DevOpsCon Amsterdam 2026: five themes that defined the week
We were at DevOpsCon Amsterdam 2026 last week and wanted to share what caught our attention.
A few years ago, a conference like this would have been dominated by observability deep-dives and language debates. This year, the bigger questions were about whether teams are building the right things, shipping them safely, and controlling what happens afterward.
AI is accelerating everything: code, the surface area for attacks, team dynamics, and model proliferation. The overwhelming conclusion was that our processes and controls haven’t quite caught up with what AI is making possible.
Here are five themes that we noticed.
1. AI adoption is a workflow design problem, not a speed problem
The most common narrative around AI in development goes something like: adopt tools, write code faster, ship more. Mads Thines Coello from dash0 dismantles that narrative in his talk, How to Use AI Without Burning Out.
As we know from DORA, the numbers tell a strange story. Over 90% of developers are using AI coding tools, but trust in AI output remains strikingly low. AI-generated code introduces more security vulnerabilities and significantly increases code duplication. The tools are everywhere, but our trust and confidence aren’t.
Mads argued that the gap comes from how teams adopt AI, not whether they do. Simply plugging AI into existing workflows yields limited benefits, maybe a 10–15% improvement. The teams seeing roughly three times the impact are redesigning their workflows around AI: planning before building, providing scoped rules and references to agents, defining repeatable skills, and building fast feedback loops with self-validation.
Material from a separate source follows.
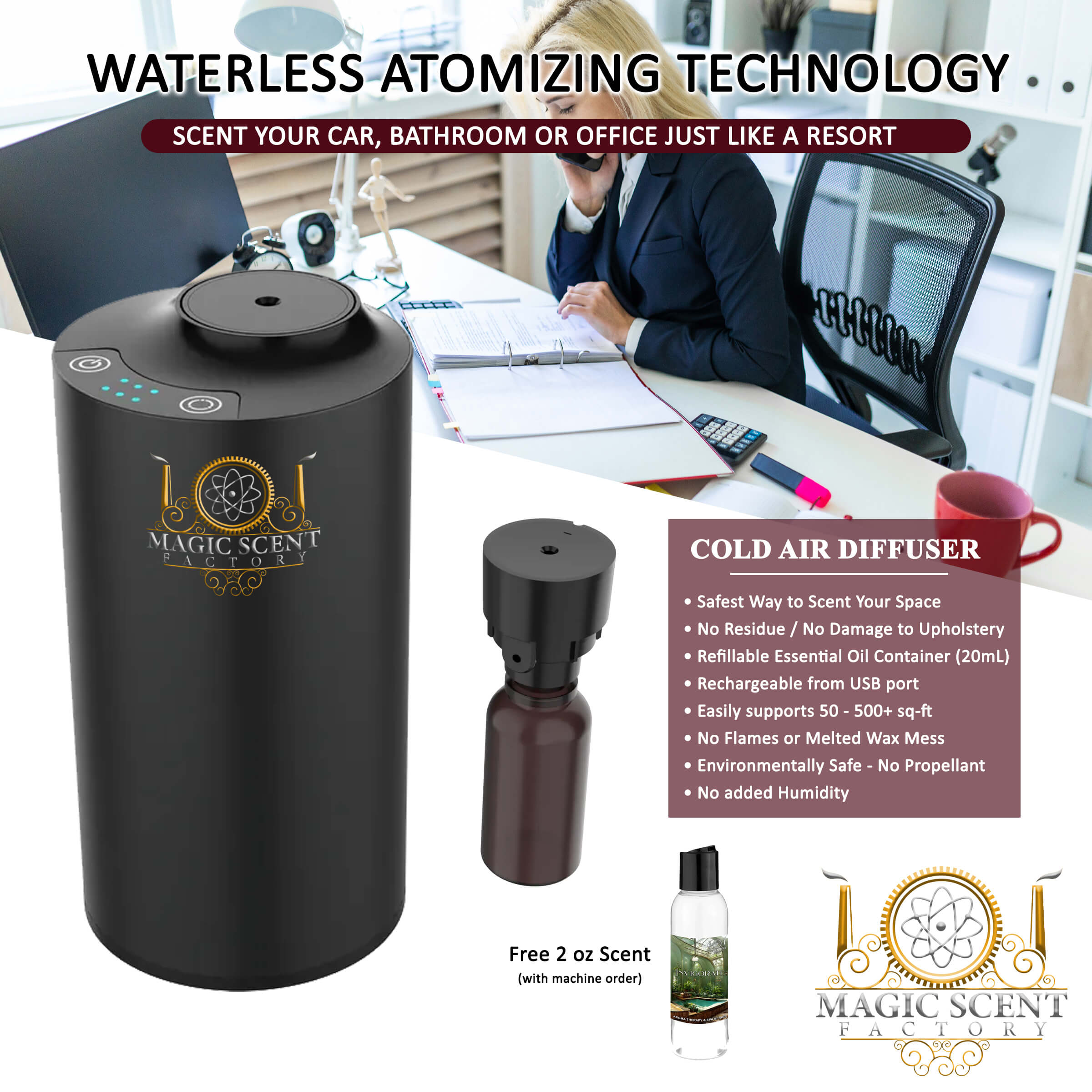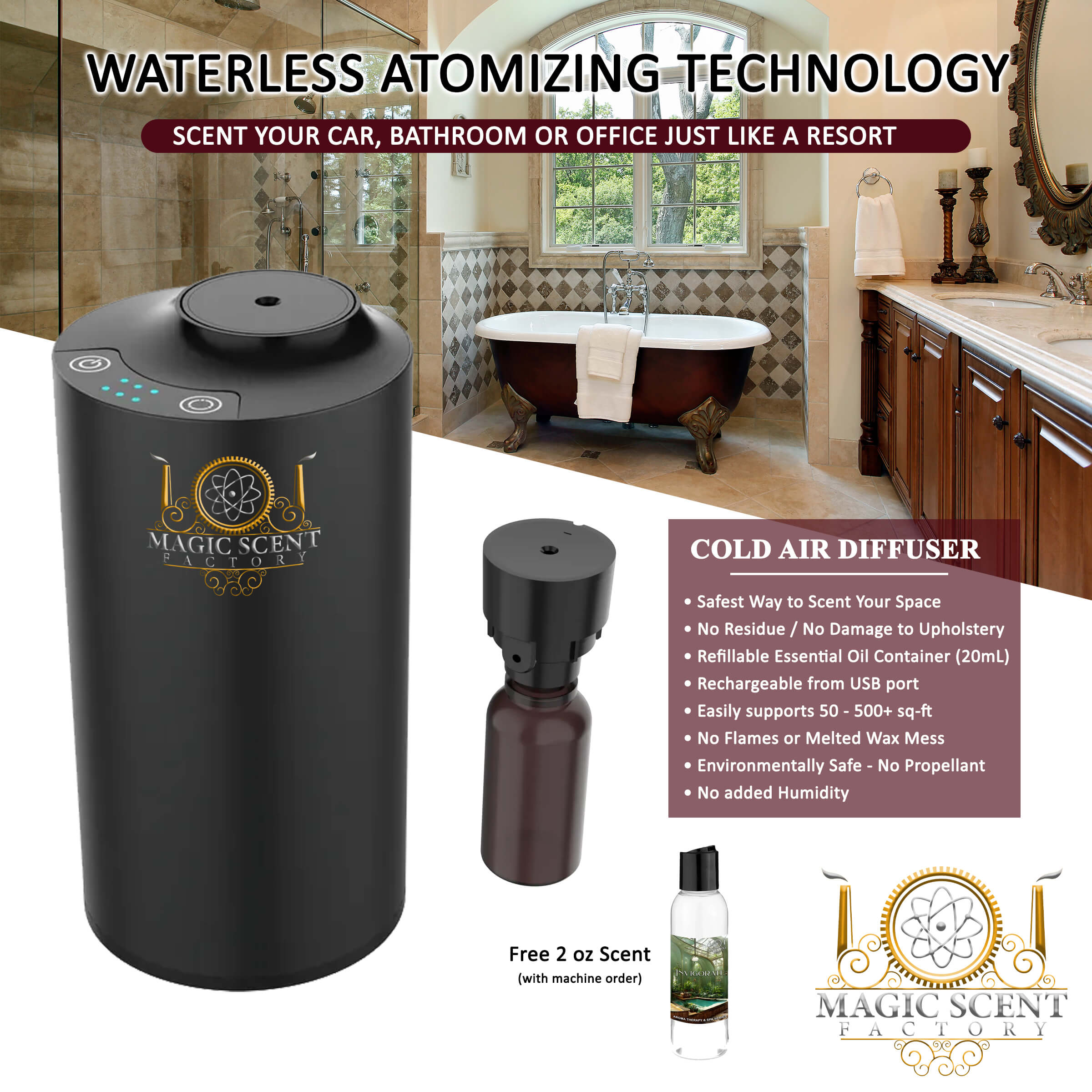 Smart Waterless Atomizing Scent Diffuser – Car / Bathroom Unit

AI doesn’t fix a team, it amplifies what’s already there.
This maps closely to something we’ve seen with our own customers. The teams getting the most value from AI-assisted development aren’t just generating code faster. They’re wrapping that speed in runtime controls. We wrote about this recently in Designing for Failure: when code is written at AI speed, the goal shifts from pure correctness to reversibility. AI writes the code, but the rollout still follows a defined release template: internal users first, then 1%, then 10%, with automated safeguards watching production signals at every stage. When AI amplifies what’s already there, you want what’s already there to include progressive rollouts, kill switches, and automated rollback. Not just a CI/CD pipeline that ships whatever gets committed.
Mads’ cultural point landed hard, too. Psychological safety is the single biggest predictor of whether a team will adopt AI effectively. Teams where developers feel safe to experiment adopt AI tools naturally. Teams where people feel judged resist. Tooling doesn’t fix culture. But tooling designed to make experimentation safe: scoped rollouts, instant rollback, audit trails that answer “who changed what, when”. This lowers the stakes enough that experimentation becomes normal rather than scary.
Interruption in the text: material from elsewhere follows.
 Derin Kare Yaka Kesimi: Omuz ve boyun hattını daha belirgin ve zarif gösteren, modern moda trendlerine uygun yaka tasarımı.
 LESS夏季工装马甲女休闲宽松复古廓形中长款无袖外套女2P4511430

2. The developer’s role is changing, and there are a million LLMs accelerating the shift
Over on the MLcon side of the event, John Davies from Incept5 opened The LLM Smörgåsbord with a number that’s hard to fully absorb: there are now over a million large language models available on Hugging Face alone. Add the public-facing models everyone knows: ChatGPT, Claude, Gemini, Grok, Mistral, Qwen, DeepSeek, plus the specialized coding tools like Devin, CoPilot, Cursor, Aider, Cline, and Replit, and the landscape is genuinely overwhelming.
His talk walked through the taxonomy: instruction-following models, tool-calling models, chat models, coding models, chain-of-thought and reasoning models, multi-modal models, text-to-speech and speech-to-text models. Code examples and live demos throughout. But the real provocation came in his framing of what this abundance means for the people building software.
It’s not AI that is replacing people. It’s people using AI who are replacing people who are not.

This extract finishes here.